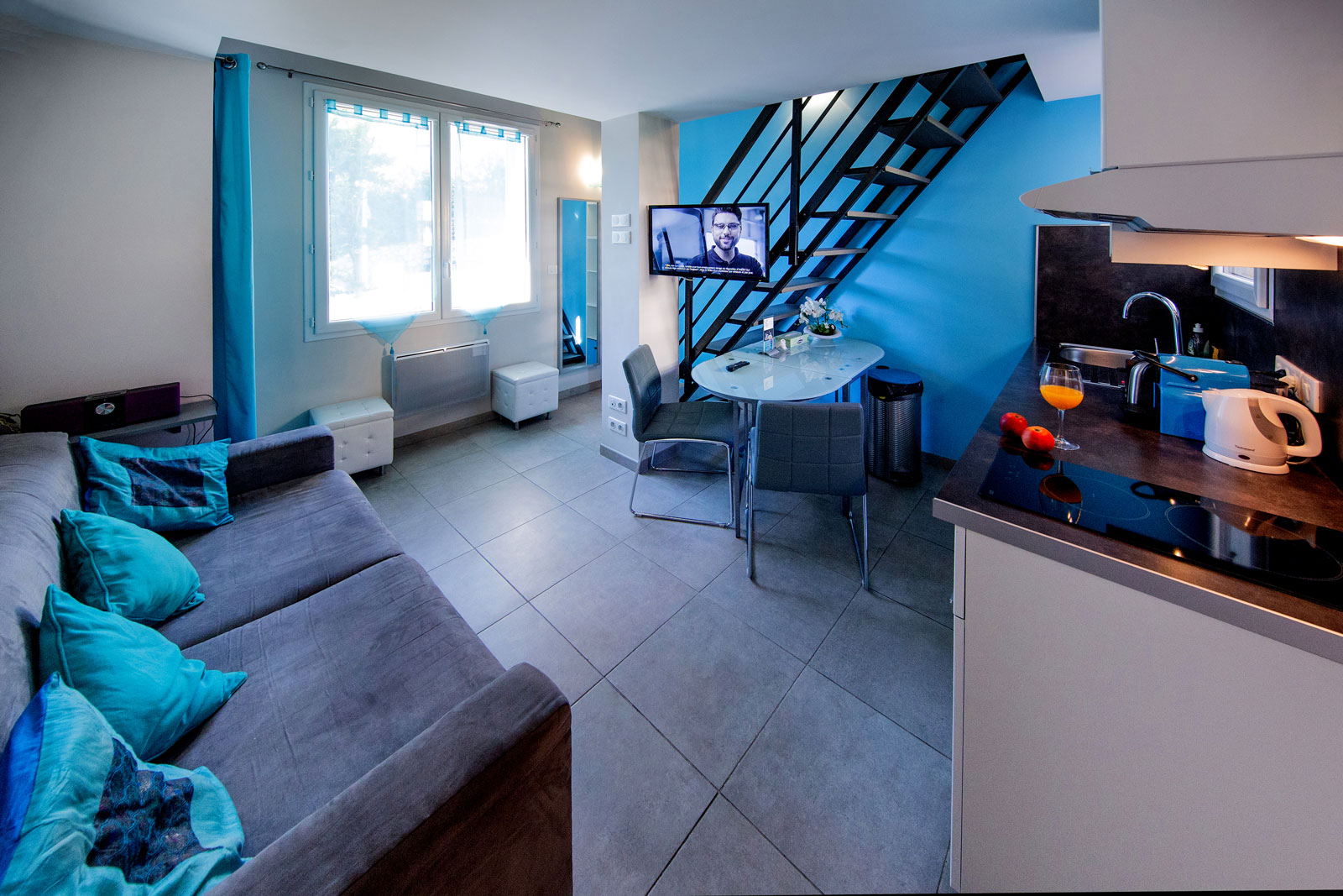 Appartement en duplex, salon cuisine en RDC et chambre à l’étage. Joli pied à terre aux couleurs bleutées.
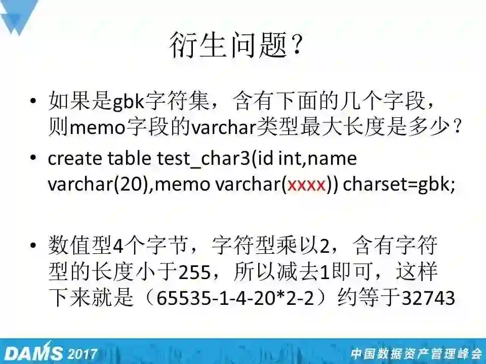 如果是gbk字符集,含有下面的几个字段,则memo字段是varchar类型最大长度是多少,这是一个很常规的问题,如果把这些连接起来去演算一下,数值型是4个字节,字符型乘以2,含有字符型的长度小于255,所以减去1即可,这样下来就是32743。
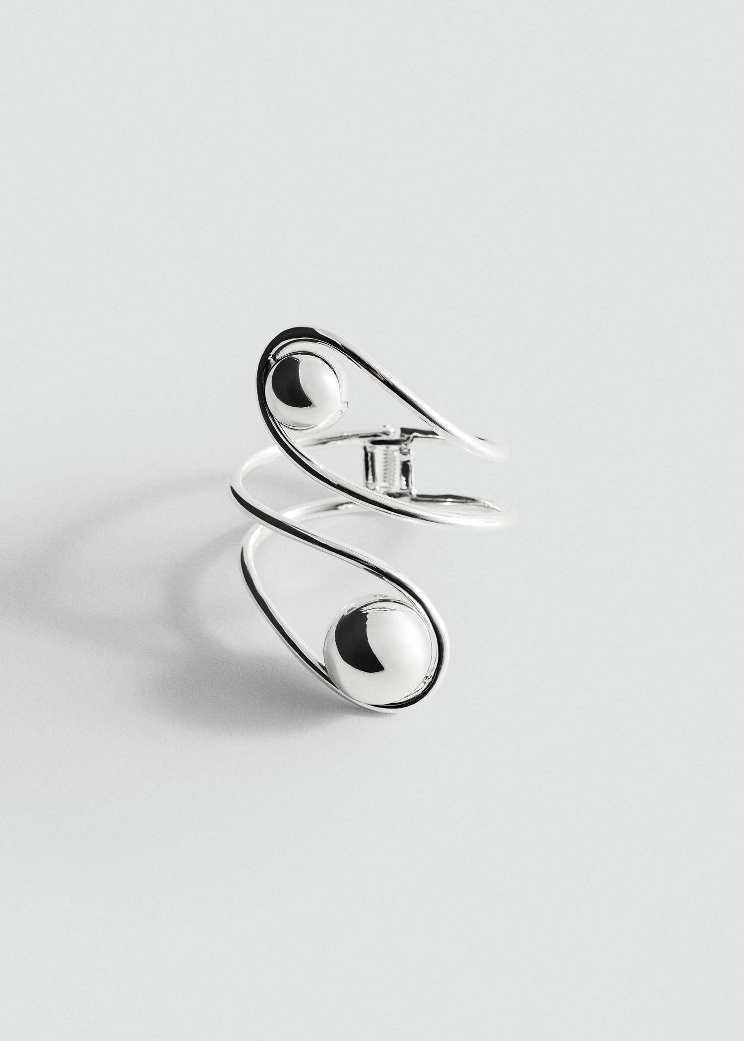 This bracelet stands out for its contemporary design, featuring prominent spheres at each end that add a touch of elegance. Its silver metallic structure and polished finish reflect light, making it the ideal accessory to enhance any modern outfit. Rigid design. Spiral design. Decorative balls appliqués. No closure. Items from the CAPSULE collection can be exchanged or returned within 14 days from the date of shipment. Capsule: a collection of limited-edition garments, made with the best fabrics and the greatest care in patternmaking, to achieve the best finishes. This exclusive collection is designed for the most special events and occasions

• Brief
Could you set down the data exactly as given, minus its pictures?

• Finished exercise
 Appartement en duplex, salon cuisine en RDC et chambre à l’étage. Joli pied à terre aux couleurs bleutées.
 如果是gbk字符集,含有下面的几个字段,则memo字段是varchar类型最大长度是多少,这是一个很常规的问题,如果把这些连接起来去演算一下,数值型是4个字节,字符型乘以2,含有字符型的长度小于255,所以减去1即可,这样下来就是32743。
 This bracelet stands out for its contemporary design, featuring prominent spheres at each end that add a touch of elegance. Its silver metallic structure and polished finish reflect light, making it the ideal accessory to enhance any modern outfit. Rigid design. Spiral design. Decorative balls appliqués. No closure. Items from the CAPSULE collection can be exchanged or returned within 14 days from the date of shipment. Capsule: a collection of limited-edition garments, made with the best fabrics and the greatest care in patternmaking, to achieve the best finishes. This exclusive collection is designed for the most special events and occasions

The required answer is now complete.